Human Ethics and the Insensibility of Other Animal 


When the guns stop their shouting, birds hasten to sing. In the midst of desolation and the horrors left by human wars, birds sing perched on the boots of the dead soldiers, inattentive to death. It’s a well known scene for those who have experienced war.

This indifference of birds sounds strange. It shocks us, hurts us. And may lead us to think: «How far and above other species we are. Only we are able to truly feel and have conscience. Only we are capable of thinking and loving in superior terms».

Well, maybe. But we can’t help being as the birds, insensible to the sight of a thousand and one massacres – at the human level, and outside it. Absorbed and used to the cruelty of life as we are, we don’t see how indifferently we behave towards the poor and the unfortunate of our species, and how cruel we behave towards other species.

Positively, we don’t think of the millions of animals we daily slaughter in our shambles, or of the many billions we keep confined in cruel conditions, before killing them.

In this view, it’s entirely out of place to become astonished with the insensibility of the birds that sing in the branches of trees next to the human corpses left by our own wars.

Love and Tolerance


The Worst Evils and Wars are Driven By Our Lack of Tolerance and Our Love to Some Ideas of God, of Truth, of Good
Tolerance is inseparable from love: we easily forgive the errors and the sins of those we love; we hardly forgive those we don’t love. Love makes us tolerant; it’s lack makes us intolerant.

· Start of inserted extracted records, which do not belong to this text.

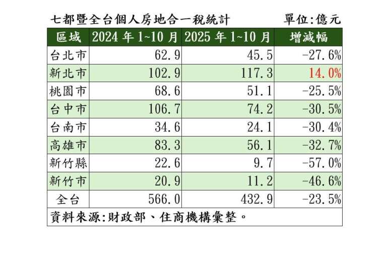 據財政部統計,台北市 1-10 月個人房地合一稅共約 45.5 億元,相較去年同期減少 27.6%;新北市則為 117.3 億元,為今年截至 10 月為止的房地合一稅收王,相較去年同期成長 14%;桃園市房地合一稅達 51.1 億元,與 2024 年同期減少 25.5%;以往為房地合一稅收王的台中市,今年 1-10 月稅收達 74.2 億元,屈居全台亞軍,與 2024 年 1~10 月相比也減少 30.5%;台南市今年截至 10 月個人房地合一稅收達 24.1 億元,與去年同期比較減少 30.4%。
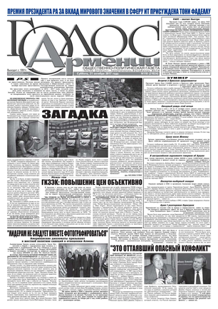 Общественно-политическое издание "Голос Армении" выходит с мая 1991 года и является наиболее популярной, авторитетной и цитируемой русскоязычной газетой страны. Спектр затрагиваемых проблем - самый широкий: от политики и экономики до культуры и социальных сетей, а авторы "Голоса Армении" по праву составляют золотой фонд современной армянской журналистики.
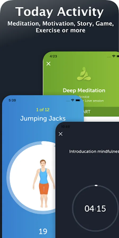 You have provided daily exercise in review your mood, like - Meditation, Physical exercise, Game, Motivation, Story, Choose your path or more

But tolerance isn’t only linked to love. It’s also dependent on information. Only those we know themselves, and have a contemporary view of human nature, can be tolerant. If we value our reasons too much, or if our bad humours are taken too seriously, or if we don’t recognize the relative value of our ideas, or see ourselves as superior to others, or with a superior culture or God, or superior predicates, we become intolerant, and the intolerance becomes the cause of conflicts and wars.

That’s what philosophers such as Seneca proclaim:
We will be more prudent if we observe our interior, if we interrogate ourselves in these terms: Haven’t I done something alike? Haven’t I also sinned? Do I have legitimacy to condemn those faults?
Seneca, 4 a.C.-65 d. C., Roman philosopher and politician, Of Rage
Tolerance is indeed tightly connected to our ideas. Driven by our love to some ideas of God, of truth, of good, humans predispose themselves to the worst evils and murders. We become fanatics and blind, as the many past revolutions show: the French, the Soviet, the Nazi… That’s what François Jacob states:
 
History hugely shows that anything is so dangerous, so murderous, as ideologies, as fanaticisms, as the certainty of being right.

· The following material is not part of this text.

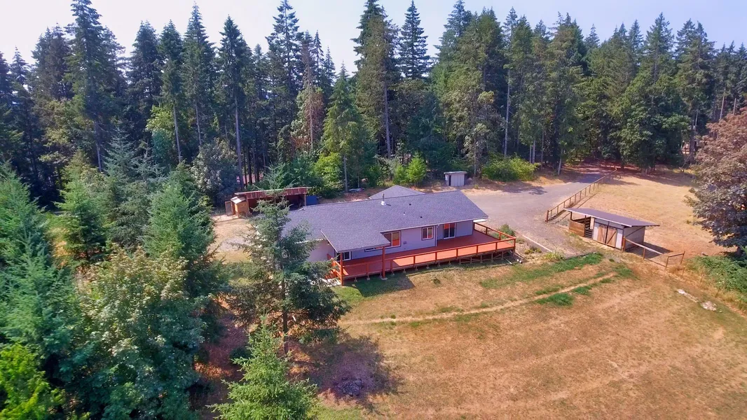 Attention big view lovers, hikers, homesteaders, and just want to get out of towners! This sensibly sized pristine home sits on 13 serene acres, mostly forested, and ready for your homestead to thrive. Inside, you'll find an open floor plan with vaulted ceilings and an abundance of windows that highlight the natural beauty of the surrounding mountain and valley views. The spacious primary bedroom features an ensuite bathroom with a large soaking tub, plus a walk-in shower and double sinks. At the opposite end of the home, you'll find two additional bedrooms and a guest bath creating a nice separation of living space. The modern kitchen and oversized island gives the heart of the home a real "wow-factor". A large corner pantry and beautiful bright Quartz countertops make this space striking and practical. Enjoy private views from every window and immerse yourself in nature when you step onto the impressive covered back deck. Views of the maturing timber and beyond provide a tranquil retreat at your doorstep. The timberland features several maintained hiking trails and a natural freshwater spring. Harness the homestead potential and bring goats, chickens, or other livestock and tend to the multiple garden areas, or, settle down with easy living and let the natural landscape take care of itself. Just 10 miles from the nearest grocery store and less than 20 miles from Eugene, this location provides a breath of fresh air without yielding the amenities of town.

All the big crimes of our History have been a result of some fanaticism. All the big massacres were perpetrated by virtue, in the name of the legitimate nationalism, of the true religion, of the true ideology.
F. Jacob, 1920, French biologist, The Statue Within  

Love and Reason

The Intense Love to Causes, Ideas or God Feeds Hate 



Love doesn’t depend on our will. We don’t love on command. That’s what we often say, and it is true at first sight. But there is another viewpoint: a view where our love is commanded, where love depends on our reason, for our own good and for the sake of itself.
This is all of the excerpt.